The stage was coming--with passengers! It was almost in--they could hear the driver's--"Git ep, Eagle! Git ep, Nig! Git ep--git ep--git ep!" There was luggage on behind and--Yankee Sam's voice broke as though it were changing when he announced it--a female and two men!
Was this Uncle Bill's secret? Had he known? They could learn nothing from his face and his mouth was shut so tight it looked as if he had the lock-jaw.

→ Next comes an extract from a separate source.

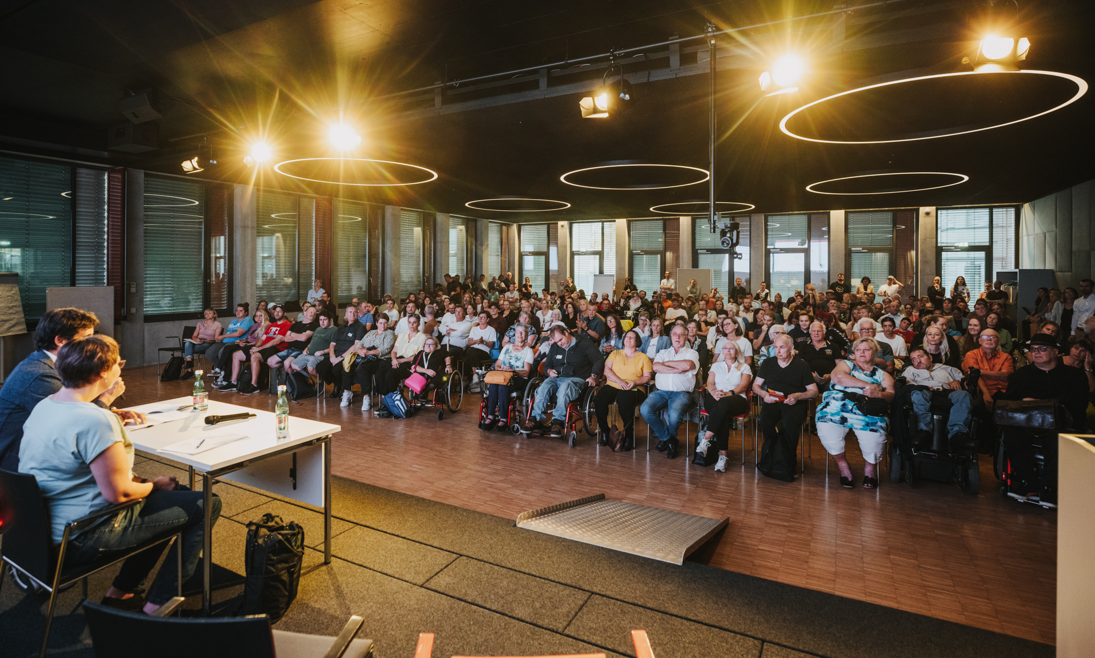 Zum Thema Inklusion und Gemeindeverantwortung haben sich zahlreiche Menschen im Saal der AK Feldkirch versammelt – darunter: Menschen mit Behinderungen, verantwortliche Politikerinnen sowie Expertinnen und viele Interessierte.

Who was she? Where was she from? Did she have any money? Was she old or young? Delicacy forbade them to go outside and look straight at a strange lady but a dozen questions rose in every mind. Then simultaneously the same thought came to each. Moved by a common impulse they turned and stared suspiciously at Uncle Bill. Could it be--was it possible that he had been advertising for a wife? Luring some trusting female from her home by representing himself as a mining man forced to reside in this mountain solitude near his valuable properties? Ore City knew of cases like it; and he was just about the age to begin writing to matrimonial bureaus.
Speculation ended abruptly. A sharp intake of breath--a startled gasp ran through the tense group as a pair of nimble, yellow legs flashed from beneath the robes and the citizens of Ore City saw the smiling face of Wilbur Dill! They turned to each other for confirmation lest their own eyes deceive them.
Mr. Dill stamped the snow from his feet, flung open the door and beamed around impartially.
"Well, boys--" he threw off his opulent, fur-lined coat--"it's good to be back."